TinyStories: How Small Can Language Models Be and Still Speak Coherent English?

Around 2.5 million parameters

“In this paper, we introduce TinyStories, a synthetic dataset of short stories that are intended to contain only words that most 3 to 4-year-old children would typically understand, generated by GPT-3.5 and GPT-4. TinyStories is designed to capture the essence of natural language, while reducing its breadth and diversity.
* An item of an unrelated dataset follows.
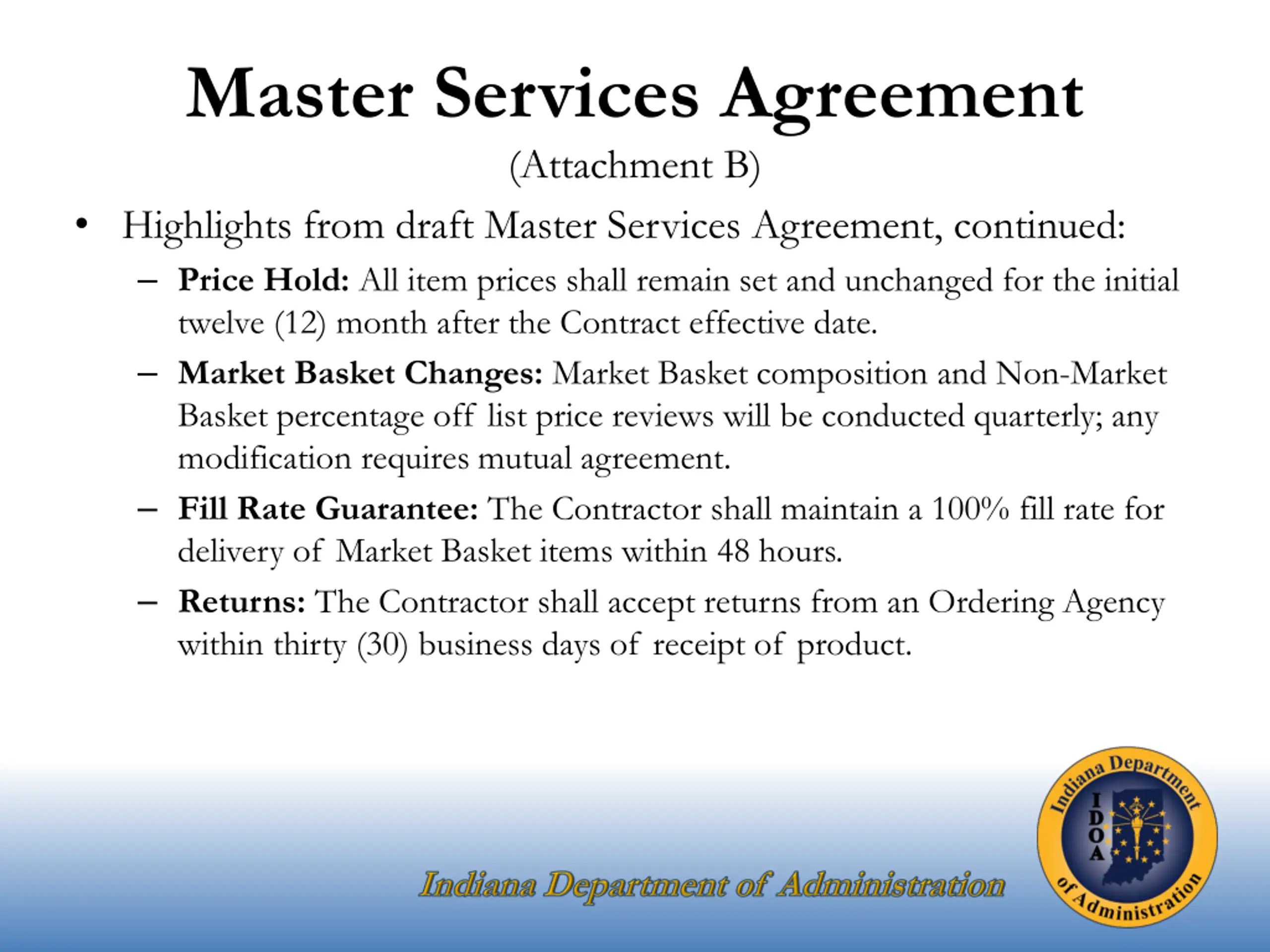 Master Services Agreement (Attachment B) Highlights from draft Master Services Agreement, continued: Price Hold: All item prices shall remain set and unchanged for the initial twelve (12) month after the Contract effective date. Market Basket Changes: Market Basket composition and Non-Market Basket percentage off list price reviews will be conducted quarterly; any modification requires mutual agreement. Fill Rate Guarantee: The Contractor shall maintain a 100% fill rate for delivery of Market Basket items within 48 hours. Returns: The Contractor shall accept returns from an Ordering Agency within thirty (30) business days of receipt of product.

Each story consists of 2-3 paragraphs that follow a simple plot and a consistent theme, while the whole dataset aims to span the vocabulary and the factual knowledge base of a 3-4 year old child.”

“Our main contribution is that we show TinyStories can be used to train and evaluate SLMs2 that are much smaller than the state-of-the-art models (below 10 million parameters with an embedding dimension of 256), or have much simpler architectures (with only one transformer block), yet still produce a diverse set of fluent and consistent stories that are comparable or superior to those generated by larger and more complex models. Moreover, despite of the small size of the models, we still observe an emergence of reasoning capabilities, knowledge of general facts and ability to follow certain instructions.”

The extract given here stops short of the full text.